Each line below from the one containing "Mini boucles d’oreilles" through the one containing "自組織における課題について、" should be output exactly as it stands, and no other line should appear.

- [Exercise data]:
────────────────────────────────────────

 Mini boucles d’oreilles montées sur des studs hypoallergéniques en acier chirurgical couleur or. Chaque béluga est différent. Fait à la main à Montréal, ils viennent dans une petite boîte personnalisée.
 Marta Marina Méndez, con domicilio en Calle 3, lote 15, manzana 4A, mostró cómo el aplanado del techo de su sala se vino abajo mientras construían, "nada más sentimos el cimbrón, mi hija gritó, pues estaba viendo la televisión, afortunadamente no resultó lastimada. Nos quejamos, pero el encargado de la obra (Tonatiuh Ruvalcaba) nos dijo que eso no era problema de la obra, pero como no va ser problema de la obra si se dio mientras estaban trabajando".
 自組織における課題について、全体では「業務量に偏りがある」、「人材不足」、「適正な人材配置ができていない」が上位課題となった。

────────────────────────────────────────

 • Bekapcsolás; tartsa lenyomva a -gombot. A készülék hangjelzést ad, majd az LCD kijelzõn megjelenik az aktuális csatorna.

────────────────────────────────────────

- [Expected answer]:
 Mini boucles d’oreilles montées sur des studs hypoallergéniques en acier chirurgical couleur or. Chaque béluga est différent. Fait à la main à Montréal, ils viennent dans une petite boîte personnalisée.
 Marta Marina Méndez, con domicilio en Calle 3, lote 15, manzana 4A, mostró cómo el aplanado del techo de su sala se vino abajo mientras construían, "nada más sentimos el cimbrón, mi hija gritó, pues estaba viendo la televisión, afortunadamente no resultó lastimada. Nos quejamos, pero el encargado de la obra (Tonatiuh Ruvalcaba) nos dijo que eso no era problema de la obra, pero como no va ser problema de la obra si se dio mientras estaban trabajando".
 自組織における課題について、全体では「業務量に偏りがある」、「人材不足」、「適正な人材配置ができていない」が上位課題となった。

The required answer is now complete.